Novos caminhos para a difusão de conceitos, debates e opiniões relacionados a inovação em medicamentos da biodiversidade também foram construídos através da organização do canal RedesFito no Youtube. Entre vários, destaca-se o programa RedesFito Convida que desde 2020 já gravou 18 episódios abordando os temas: Farmácias vivas experiências de sucesso; Conhecimento tradicional frente a COVID-19; Saúde e Agroecologia; Principais ações para a inovação e biodiversidade em 2021; Bioprospecção; Panorama da formação em fitoterapia no Brasil; Sociedade Brasileira de Plantas Medicinais; Fitoprodutos da sociobiodiversidade do Amazonas; Panorama da fitoterapia em Minas Gerais; Propriedade intelectual na inovação em medicamentos da biodiversidade; A importância dos Herbários na conservação da biodiversidade e Inovação; Cannabis inovação e saúde; Lançamento da plataforma InovafitoBrasil; Papel da Embrapa na inovação em fitomedicamentos no Brasi; Banco de dados online de plantas medicinais; Projeto Farmacopeia Mari'ká; Plantas do cerrado: Fitoprodutos e fitoterápicos; Fitoterapia - da tradição, do popular e do SUS.
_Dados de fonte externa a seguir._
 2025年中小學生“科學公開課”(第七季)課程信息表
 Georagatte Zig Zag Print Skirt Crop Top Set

Os episódios do programa RedesFito Convida reúnem, em rodas de conversa, especialistas representativos da academia, do terceiro setor, do governo, do conhecimento tradicional, de empresas e assim por diante, sempre atualizando, esclarecendo e apontando perspectivas. Os debates ainda respondem perguntas que vem de todo Brasil a respeito dos conteúdos[16]. Por fim, este programa, visto como um repositório, vem sendo utilizado como base de dados na elaboração de pesquisa acadêmica como pode ser visto em “Uma narrativa da inovação em medicamentos da biodiversidade a partir de registros das RedesFito”[17].
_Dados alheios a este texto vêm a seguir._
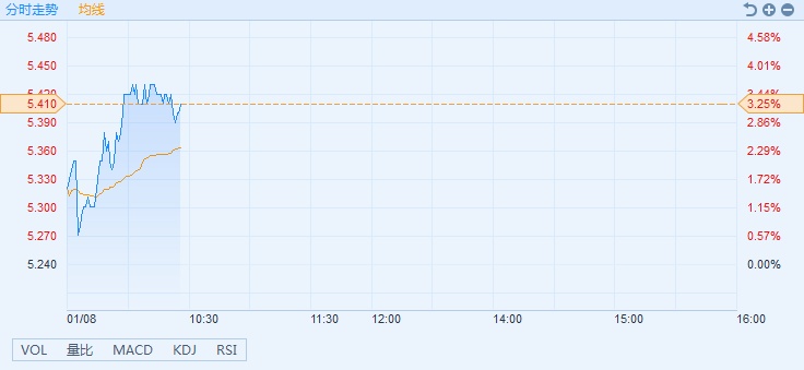 智通财经APP获悉,龙源电力(00916)2018年发电量同比增加近一成,造好股价,截至10时25分,涨3.24%,报价5.41港元,成交额1839.26万。

Ao longo desses anos as RedesFito se adaptaram aos diversos cenários e conjunturas políticas, muitas vezes adversos, de poucos recursos, e até mesmo de negação da ciência e tecnologia, negação da inovação em medicamentos da biodiversidade. Através da utilização dos caminhos oferecidos pelas tecnologias de comunicação nosso trabalho assumiu novos formatos, permitindo que resistisse, migrando de uma estrutura rígida, acadêmica e vertical, constituída por conselhos gestores de arranjos nos principais biomas, para uma estrutura horizontal de rede, onde seus núcleos passaram a ter o protagonismo e de fato representar as RedesFito nos diversos territórios. Esta nova estrutura, mais colaborativa e descentralizada, facilitou o compartilhamento de informações e a gestão de recursos. As RedesFito contam atualmente com cerca de 5.800 pessoas cadastradas, das quais cerca de 400 atuam em ações voluntárias locais, compondo os AEPLs, elaborando e executando projetos estruturantes da inovação em medicamentos da biodiversidade.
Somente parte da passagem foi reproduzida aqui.